AJ: How many songs have you uploaded? Any favorite song among them?
BBM: A lot… a little more than three hundred songs…mostly Air supply. I love Air Supply’s “Having You Near Me” and Michael Bolton’s “Said I Love You But I Lied” not only because I feel I did my best on them but simply because both have garnered two million views.
AJ: I heard you almost made it similar to Arnel Pineda’s fate?

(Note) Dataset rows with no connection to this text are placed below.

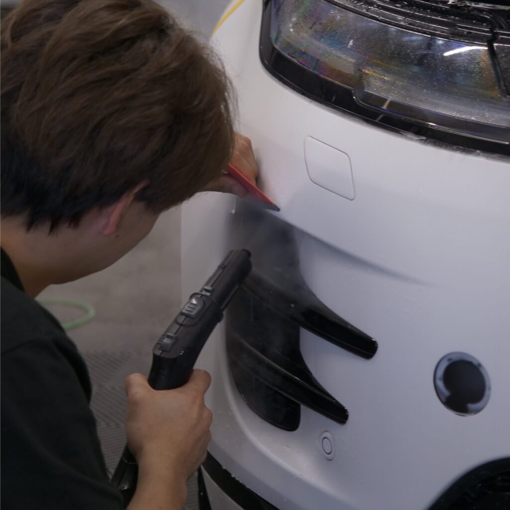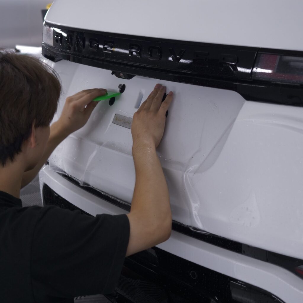 イヴォークのような曲面が多いボディでは、シワや気泡が入らず、端部をきれいに処理するには熟練の技が不可欠です。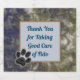 Você tem alguém que se importa com seus animais de estimação quando você está de férias ou alguém que caminha com seu cachorro diariamente? Este rótulo de garrafa de cerveja de apreciação apresenta um padrão azul girado e abstrato de ouro elegante e semelhante a um padrão de mármore. O rótulo do frasco contém um quadrado azul-claro e de ouro sólido, que fornece o pano de fundo das suas palavras de apreço. Uma impressão de pata preta é exibida no canto inferior do quadrado central. "Obrigado por cuidar bem do Fido" pode ser facilmente personalizado com o nome do seu animal de estimação.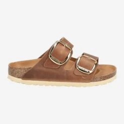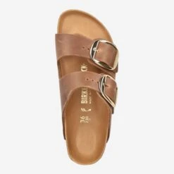 Birkenstock has been inspiring young and old for decades – in the meantime, the traditional German manufacturer has achieved cult status! The upper of the „Arizona Big Buckle“ model is made of cognac brown, particularly thick, oiled nubuck leather. The two, gold-colored thorn buckles serve as a glamorous highlight, which serve as an optimal eye-catcher due to their size! With this mule Birkenstock shows exemplary that it also defines unique trends in this century!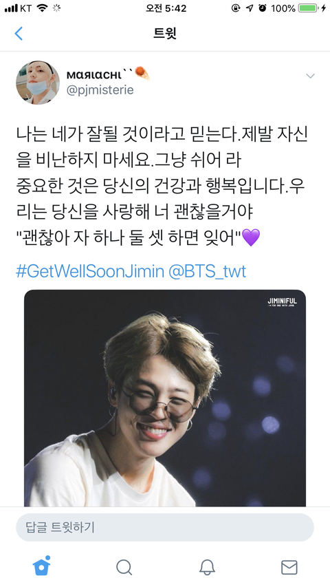 제발 지민아 잠시 쉬어간다고 생각했으면 좋겠어
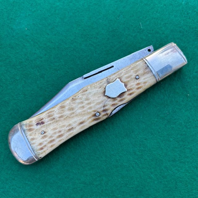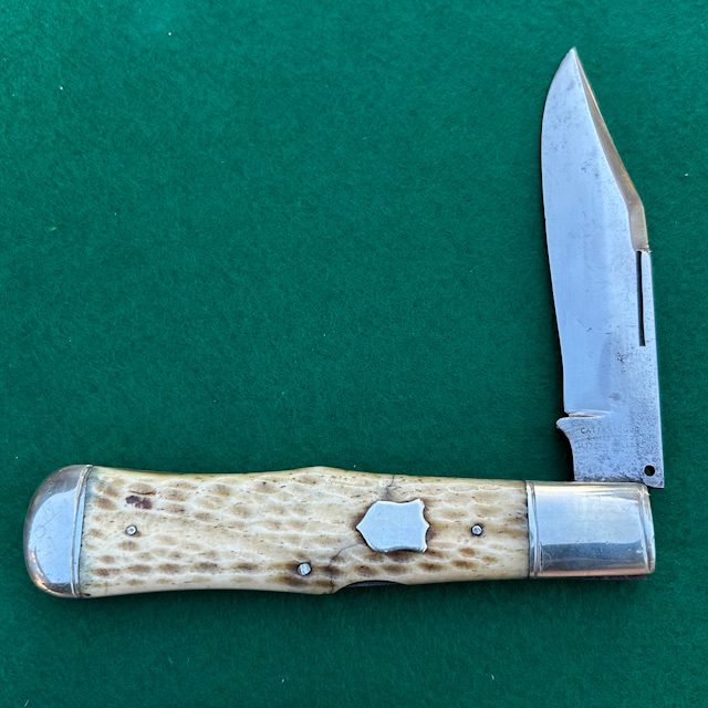 Here is an early “King of the Woods” coke bottle folding hunter pattern made by Cattaraugus Cut Co. This pattern features a locking mechanism that functions as it should. This knife features “worm grooved” jigged bone handles, nickel silver bolsters and federal style shield. This knife is missing its swing guard but is still a really nice example. Front handle has a stable hairline crack on either side of the shield. The knife measures 5 1/4″ closed. A bit of blade wobble when in open position. A really neat old knife!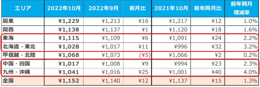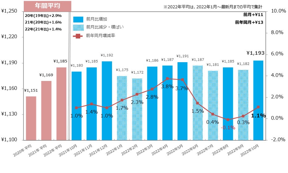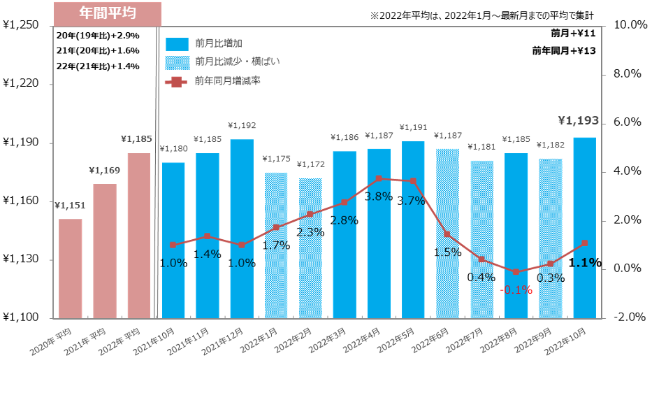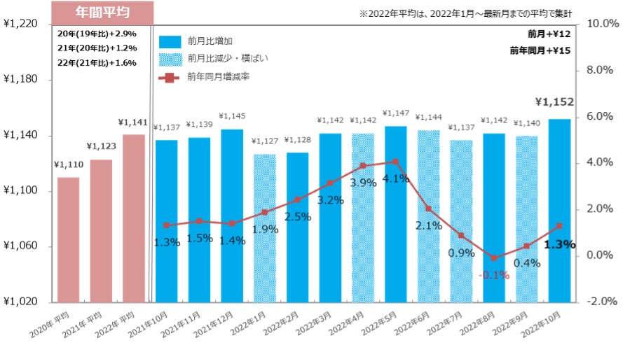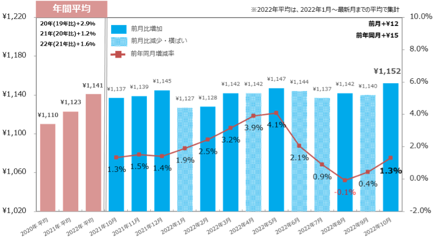 22年10月の全国平均時給は1,152円(前月比:+12円、前年同月比:+15円)で、前月比・前年同月比ともに増加し過去最高額を更新した。【図1】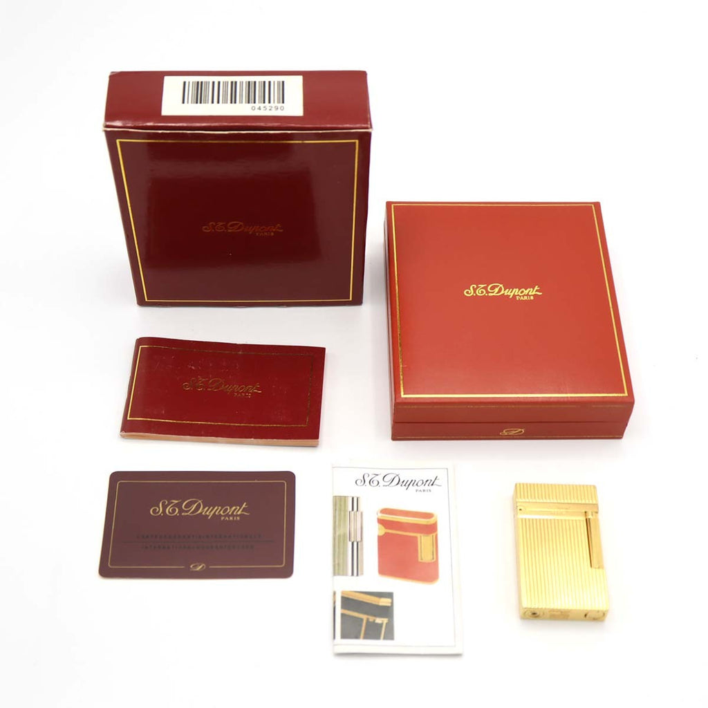 S.T.Dupont デュポン LINE2 ライン2 ヘアライン ガスライター ゴールドカラー 喫煙具 着火未確認 箱有 eco1729

BBM: Yeah, almost! It was Frankie Sullivan, guitarist and songwriter of Survivor Band, who discovered me on YouTube with “The Search Is Over,” a 1985 song by the same band. He contacted me and invited me to audition in Chicago. They actually approved of my performance and I knew I passed the tryout…but for some reasons, the plan folded up right there.
AJ: How did it feel? How did you take it?
BBM: Frustrated, of course! But I respected their opinion and decision. I just shrugged it off. If it wasn’t meant for me then so be it. I still believe God has even better plans for me. But the only consolation there was I was given the opportunity to legally enter the US and maybe, make all possibilities to succeed.
AJ: If given a choice, would you rather be employed, manage your own business, or make singing for a living?
BBM: Honestly, I would prefer both… as an entrepreneur and an entertainer… so that I’ll still have a fallback in the event one fails.
AJ: So far, what has been your biggest achievement, failure, regret, concert, obsession, frustration, and dream?
BBM: Achievement…? Hmmm, well, that would easily be the fame that YouTube gave me…it opened doors of opportunity for me.
Failure: My audition with Ryan Cayabyab as a Smokey Mountain member… due to my Visayan accent.
Regret: Actually, none that I could think of… everything that happened in my life was quite acceptable and fine. But if ever there would be one… that would be not mustering enough courage to fight for what should have been due me.
Concert: My fundraising concert in Valencia City in 2014 that raised money to support a poor patient’s heart surgery.
Obsession: To sing and share the stage with Air Supply and Arnel Pineda.
Frustration: My failure to make it as Survivor’s frontman.
AJ: What is your stress reliever after a hard day’s grind?
BBM: My family…my wife and my eight-year-old son… they are both the world to me.
Like a chameleon, Bryan is an effectual mimicker. His vocal power could effortlessly sound at par with the original artists and at times, even much better. If only Lady Luck could lead him to the right track that will offer him the opportunity to prove his worth, without a trace of doubt, the moniker Bryan B. Magsayo won’t only be reigning supreme on YouTube but will be a prominent figure in the main stream arena.